Дикая кровь — страница 42 из 81

Но от острога навстречу воспрянувшим духом степнякам, застилая стылое солнце, несся другой снежный вихрь. Еще немного — и он ударит, закружит и сметет Табуна и его заметавшихся в панике соплеменников. Это казаки, увидевшие киргизского князца с караульной башни, когда он еще не столкнулся с красноярцами, спешили на помощь русским. Дальнейшее сопротивление для загнанного в западню Табуна было равносильно смерти, он остановил своего коня, опустил к ноге саблю и приказал всем киргизам остановиться.

— Давно бы так, окаянный, — подъезжая, беззлобно сказал Куземко. Он тяжело дышал после долгой бешеной скачки. С дымной широкой спины его чалого коня пластами сползала пена.

Ачинские казаки плотным кольцом окружили киргизов, наперебой загалдели, высказывая предположения, зачем понадобился Табун красноярскому воеводе. А клещеногий Табун глядел на них, и лукавая улыбка кривила его морщинистое смуглое лицо: чему они радуются? Кто из русских посмеет не в бою тронуть киргизского «лучшего» князца? Кому захочется испытать гнев государя-батюшки, когда вся Киргизская степь войною поднимется против сибирских городов?

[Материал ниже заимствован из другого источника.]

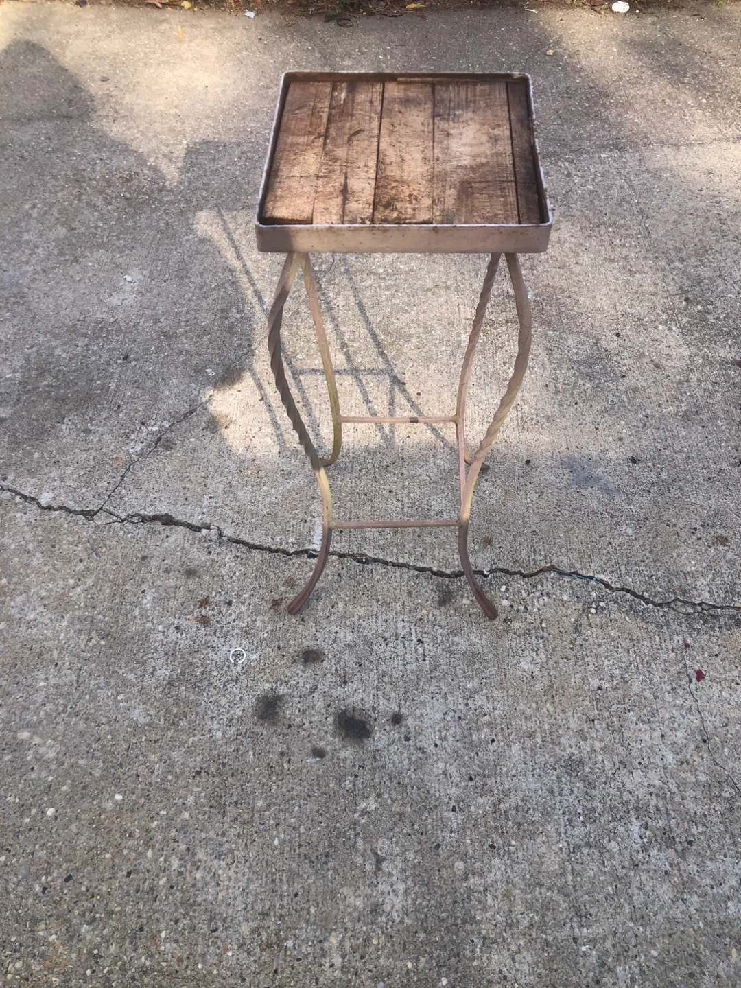 Selling a rustic metal plant stand. It has a square wooden top and a metal frame with a twisted design. Perfect for adding a touch of vintage charm to your home or garden!
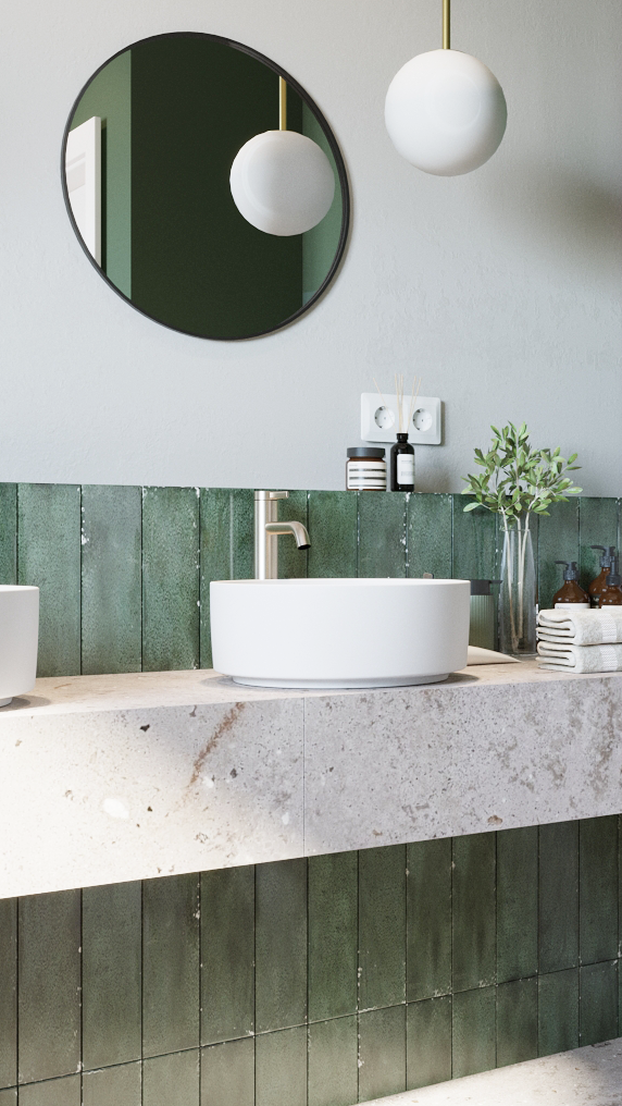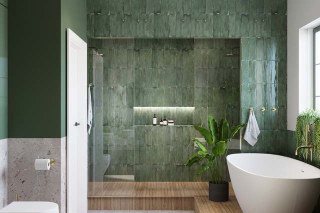 Nową bazą neutralności stają się również wyciszające zielenie – w odcieniach szałwiowym i oliwkowym, doskonale wpisujące się w ideę Biophilic. Choć w armaturze nadal dominuje matowa czerń, na akcenty wybieramy nasycone kontrasty, takie jak granat, burgund czy antracyt. Coraz śmielej rozgości się w łazienkach pastelowa, kolorowa ceramika podkreślona kontrastową fugą.

— Ворон негодный похвалится птицам, скажет: «Я лебедя сшиб». Казаки целым отрядом скажут, наверное: «Табуна мы поймали», — и он рассмеялся хриплым старческим смехом. Да, он был уже стар, а старику, как известно, не зазорно идти в плен.

Бабук грудью коня разорвал крепкое кольцо казаков, вплотную подъехал к Табуну, смерил князца быстрым презрительным взглядом.

— Ты Табун? Тьфу! — через губу сплюнул Бабук и с силой вытянул плеткой киргизского князца по сгорбленной узкой спине.

Табун покачнулся в седле и сразу обмяк, и в ожидании нового удара безропотно втянул голову в плечи.

20

Сломленный многими нелегкими годами и стремительным монгольским вторжением в Киргизскую степь, начальный князь Ишей снова, казалось бы, с ничего, расхворался и слег в постель. И опять в его окуренной можжевельником Большой юрте в присутствии самых близких родственников больного неистово камлал великий шаман Айдыр. Он с яростью бил колотушкой в басовитый бубен, неистово кружился вокруг костра, выкрикивая одному ему понятные слова. Захлебывался от удара бубен, на разные голоса звенели колокольцы и железки на кожаном кафтане шамана, хлопали по шаманским лопаткам привязанные сзади крылья горного орла.

Жены, сыновья и дочери Ишея с суеверным трепетом и страхом следили за всемогущим вещим Айдыром, который ветром несся через многие горы и степи за злыми и добрыми духами. Одних он ласково уговаривал помогать Ишею, других — не делать ему плохого.

В юрту заносило пьянящий запах требухи и парного мяса. По требованию шамана в жертву духам предназначалась любимая лошадь Ишея. Старики перед входом в юрту разделывали ее кривыми острыми ножами, чтобы сегодня же без остатка съесть на празднике по случаю скорого выздоровления больного.

Ишей не видел вскинутую на жерди гнедую шкуру убитого скакуна, не слышал ни тяжелых вздохов бубна, ни гортанных выкриков известного шамана. Откинувшись на подушки, он думал о судьбе подвластной ему степи. Он любил эту степь, как ребенок любит свою мать и юноша — свою возлюбленную. Он не изменил родной степи: здесь он появился на свет и здесь умирает.

О злой бог Эрлик-хан, как жестокосерд ты, выбрав для Ишеевой смерти время больших испытаний, выпавших на долю народа. Разве тебе не известно, что монголы пограбили многие улусы тубинцев, езерцев и алтырцев? Только предприимчивость Ишея спасла от той же участи алтысар. Почему ты, о Эрлик, не наслал смерть на сильного и лукавого Алтын-хана, который еще не раз разбоем придет в Киргизскую степь! Кто сможет противостоять ему, когда не станет Ишея?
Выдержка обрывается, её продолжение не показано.